O Hotel Victória é uma inventiva obra modernista de 1933 que joga ritmadamente a
horizontalidade das aberturas e volumes retos com os volumes circulares das varandas. No
primeiro andar há uma intenção de lhe conferir um aspeto mais nobre pelo emprego de
revestimentos em mármore e aplicações metálicas que se repetem nas varandas.

O Hotel Vitória de Cassiano Branco

Já o Teatro Éden (1930-37) apresenta uma fachada monumental que se aproxima claramente
da Arte Déco. O modernismo é guardado para o seu interior com largos vãos em betão e
complexas escadarias. O projeto foi alteado posteriormente.

Cassiano fez também inúmeros projetos que não saíram do papel: uns por falta de coragem
dos responsáveis (como um projeto que fez para a praia da Costa da Caparica) outros por
serem autênticas utopias…

Teatro Éden de Cassiano (hoje já adulterado)


Ainda Carlos Ramos se destacou numa das mais modernas intervenções, modernas no sentido
de uma maior consonância com o modernismo internacional no Pavilhão do Rádio (já
demolido) de 1927-33 em que se destaca o volume único com cobertura plana e superfícies
lisas sem decoração.

De se assinalar a existência de um percurso paralelo a este, onde ainda se construía em estilos


tradicionais, num seguimento da arte eclética e do classicismo de Ventura Terra onde na linha
da frente surgem arquitetos como os irmãos Rebelo de Andrade, Raul Lino, Norte Júnior e Vila
Santos. Os Rebelo de Andrade foram os mais "radicais" do tradicionalismo. A sua obra do
Palácio dos Desportos (hoje conhecido como Pavilhão Carlos Lopes) é o expoente máximo de
um neobarroco da mesma época que, por exemplo, o moderníssimo Liceu D. Filipa de
Lencastre. Esta vertente tornou-se um dos focos de discussão e conflito com o
desenvolvimento do modernismo tendo como homem forte o teórico Raul Lino na publicação
de diversas obras sobre a Casa Portuguesa.

Pavilhão Carlos Lopes

Entretanto no final dos anos 30, o modernismo, ou arquitetura internacional, deixou de


responder às exigências do regime.

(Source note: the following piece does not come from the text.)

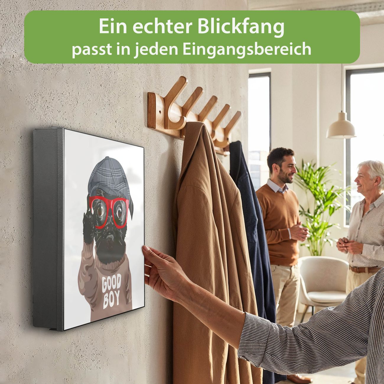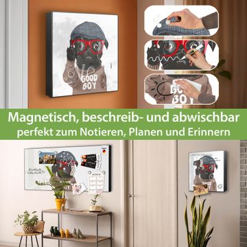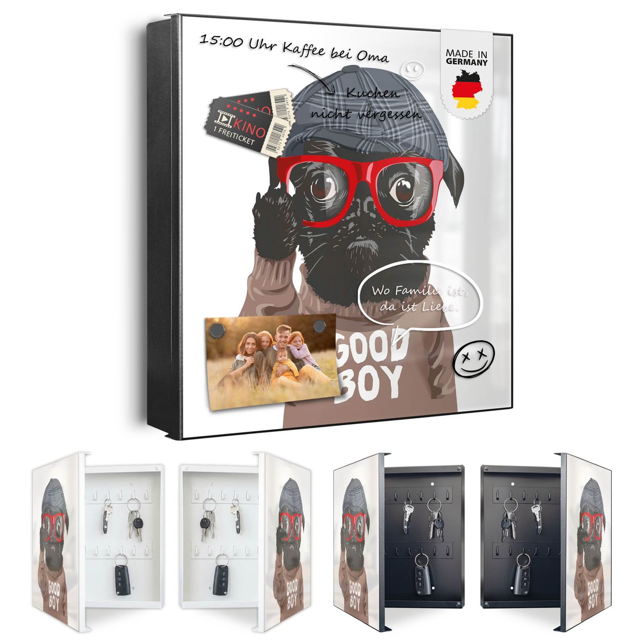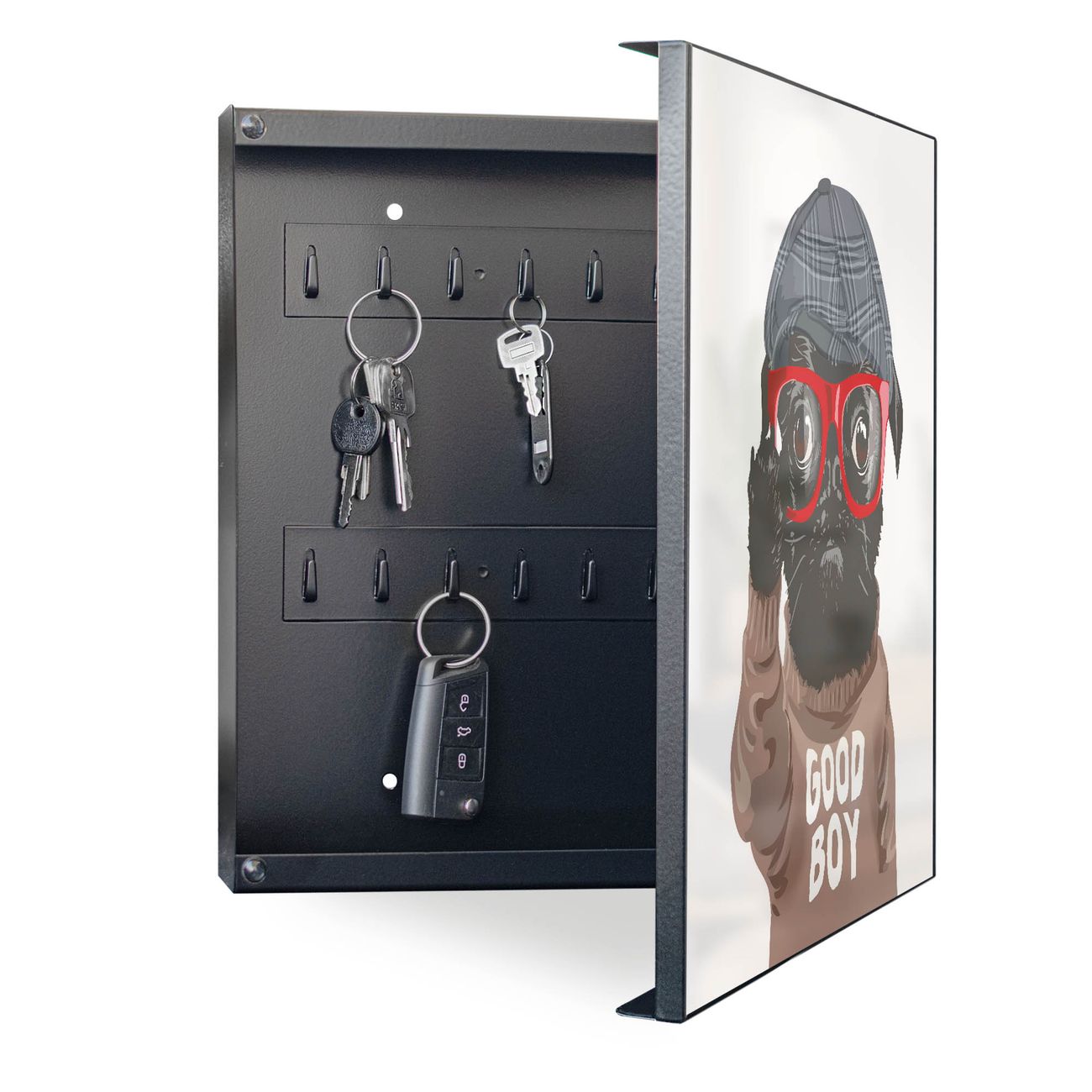 Bringe Ordnung und Eleganz in deinen Eingangsbereich mit dem banjado Schlüsselkasten Motiv Motiv Lustiger Mops mit Brille. Die moderne Schlüsselbox kombiniert funktionales Design mit hochwertiger Verarbeitung und wird so zu einem echten Hingucker in Flur, Büro oder Ferienwohnung. ✅ Stilvolle Schlüsselaufbewahrung mit Motiv Motiv Lustiger Mops mit Brille Der Design-Schlüsselkasten Motiv Motiv Lustiger Mops mit Brille bietet Platz für bis zu 32 Schlüssel, die auf 4 stabilen Reihen mit je 8 Haken übersichtlich verstaut werden. Mit seinen kompakten Maßen von 30 x 30 x 5 cm passt die Schlüsselbox perfekt auch in kleinere Räume. Der schwarz lackierte Stahlkorpus mit rechts angeschlagenem Türscharnier harmoniert mit gedruckten Folie auf der Front und fügt sich nahtlos in jedes Wohnambiente ein. Ob als Schlüsselorganizer für Zuhause oder als praktische Lösung für Büros, Praxen und Gewerbe, der banjado Schlüsselkasten sorgt für Ordnung und Übersicht. Dank der magnetischen, mit Kreidestiften beschreibbaren Folie auf der Front kannst du Notizen anheften oder Termine direkt auf der Oberfläche festhalten. Die Schlüsselbox Motiv Motiv Lustiger Mops mit Brille zur Wandmontage wird inklusive Befestigungsmaterial geliefert und ist schnell angebracht. So hast du deine Schlüssel jederzeit griffbereit und zugleich stilvoll verstaut. Mit diesem banjado Schlüsselkasten Motiv Motiv Lustiger Mops mit Brille kombinierst du praktische Aufbewahrung mit stilvollem Wohndesign. Ob privat oder geschäftlich, die Schlüsselbox sorgt für mehr Ordnung, Übersicht und ein wohnliches Ambiente.Vorteile im Überblick

Houve uma mudança de intenção: a modernidade, a
inovação e a criatividade foram substituídos pelo tradicionalismo, nacionalismo e por um
modelo que imposto pelo Estado-Novo de influências nos regimes totalitários europeus que se
considerou servir melhor os interesses do regime de ordem, lei, poder ou glória.

Há que ter em consideração que para o povo os valores artísticos tradicionais eram muito mais
inteligíveis numa sociedade que durante séculos enraizou a cultura barroca e do decorativismo
como o ideal. Se a arquitetura servia a política então tinha que impressionar este mesmo povo.

A discussão do início do século XX regressou em favor de um retorno ao tradicionalismo, ou


aquilo a que foi chamado de “restauração cultural”. Mais grave foi o facto de certas
tecnologias de construção ainda não serem dominadas na totalidade trazendo consigo vários
problemas como a rápida degradação de edifícios e maus isolamentos provocando infiltrações
de água. Uma certa ingenuidade até na acultura da forma como é utilizado o betão.